TRY IT: Return each of the entries below precisely, with no pictures in the result.

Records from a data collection
────

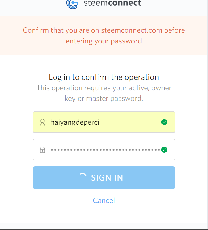After reaching the website, make sure it is SteemConnect and proceed by clicking CONTINUE:
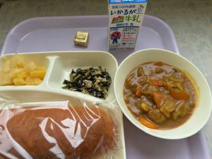 ・ミートボールと野菜のカレー煮・ツナとこまつなのソテー・パイナップル でした。
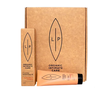 Vaginal dryness is one of the most common intimate issues. This ultimate wellness set is perfect for gentle intimate care. The Cleansing + Moisturising Oil with Sea Buckthorn + Fragonia leaves your vulva clean, moisturised and protected thanks to sea buckthorn, renowned for its healing and moisturising properties. The refreshing and emotionally balancing scent comes from fragonia essential oil which provides natural anti-bacterial and anti-fungal properties. The set also includes the Lip Intimate Care Lip Balm that gently moisturises, soothes and protects the vulva. Buy here.
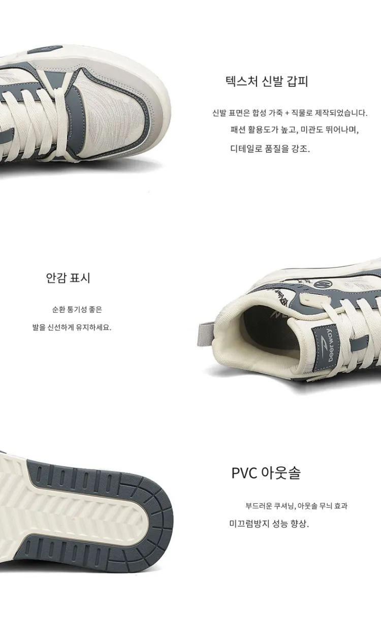 DEERWAY 하이탑 스케이트보드 신발 남성 화이트 그레이 블루
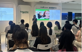 同学们到达施耐德公司后,受到了热情接待。公司简约而现代化的办公环境给大家留下了深刻印象。在参观过程中,施耐德财务共享中心主任 Jane Xia 发表了欢迎致辞。随后,销售部经理 Marvin Chen 详细介绍了公司的发展历程、核心价值观及在能源管理、工业自动化等领域的卓越成就,让同学们深切感受到技术创新的强大力量。

────

EXERCISE SOLUTION:
After reaching the website, make sure it is SteemConnect and proceed by clicking CONTINUE:
 ・ミートボールと野菜のカレー煮・ツナとこまつなのソテー・パイナップル でした。
 Vaginal dryness is one of the most common intimate issues. This ultimate wellness set is perfect for gentle intimate care. The Cleansing + Moisturising Oil with Sea Buckthorn + Fragonia leaves your vulva clean, moisturised and protected thanks to sea buckthorn, renowned for its healing and moisturising properties. The refreshing and emotionally balancing scent comes from fragonia essential oil which provides natural anti-bacterial and anti-fungal properties. The set also includes the Lip Intimate Care Lip Balm that gently moisturises, soothes and protects the vulva. Buy here.
 DEERWAY 하이탑 스케이트보드 신발 남성 화이트 그레이 블루
 同学们到达施耐德公司后,受到了热情接待。公司简约而现代化的办公环境给大家留下了深刻印象。在参观过程中,施耐德财务共享中心主任 Jane Xia 发表了欢迎致辞。随后,销售部经理 Marvin Chen 详细介绍了公司的发展历程、核心价值观及在能源管理、工业自动化等领域的卓越成就,让同学们深切感受到技术创新的强大力量。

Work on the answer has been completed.